:: Excerpted data ::

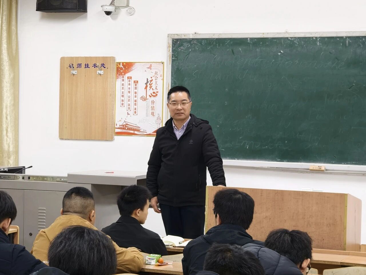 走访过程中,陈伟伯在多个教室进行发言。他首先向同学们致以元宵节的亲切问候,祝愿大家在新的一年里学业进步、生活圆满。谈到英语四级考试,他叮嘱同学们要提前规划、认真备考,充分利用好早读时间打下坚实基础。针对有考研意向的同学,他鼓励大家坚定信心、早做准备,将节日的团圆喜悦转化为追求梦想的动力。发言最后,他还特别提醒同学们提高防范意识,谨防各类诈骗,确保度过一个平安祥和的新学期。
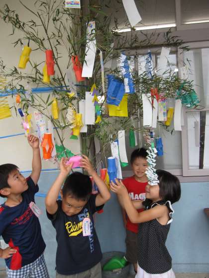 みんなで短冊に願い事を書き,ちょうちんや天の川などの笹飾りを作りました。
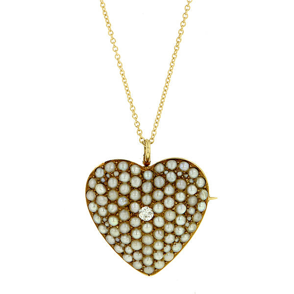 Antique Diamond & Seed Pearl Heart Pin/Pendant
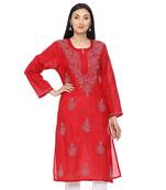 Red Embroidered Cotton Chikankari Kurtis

:::
:: Excerpted data ::

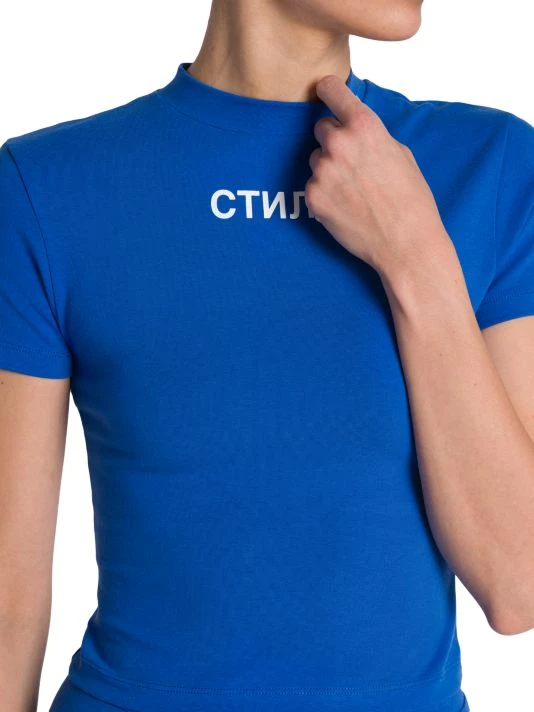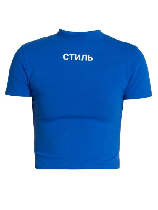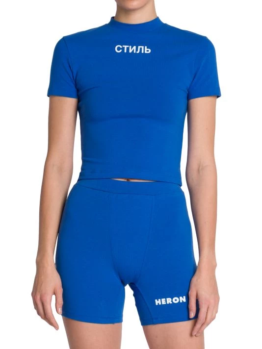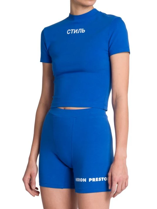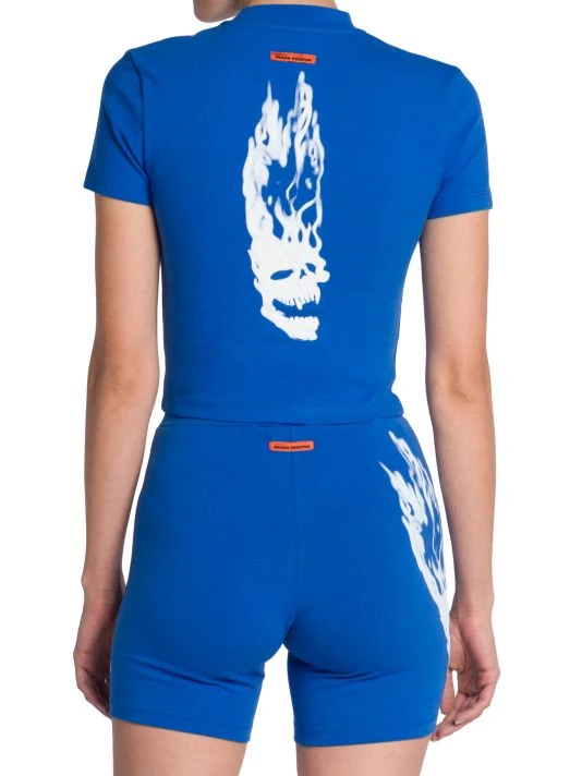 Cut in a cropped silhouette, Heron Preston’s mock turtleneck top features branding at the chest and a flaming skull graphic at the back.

:::

* What you will do: The expected output is the lines above from the one containing "みんなで短冊に願い事を書き,ちょうちんや天の川などの笹飾りを作りました。" to the one containing "Red Embroidered Cotton Chikankari Kurtis", both ends included, reproduced exactly with every picture left out.

* Task output:
 みんなで短冊に願い事を書き,ちょうちんや天の川などの笹飾りを作りました。
 Antique Diamond & Seed Pearl Heart Pin/Pendant
 Red Embroidered Cotton Chikankari Kurtis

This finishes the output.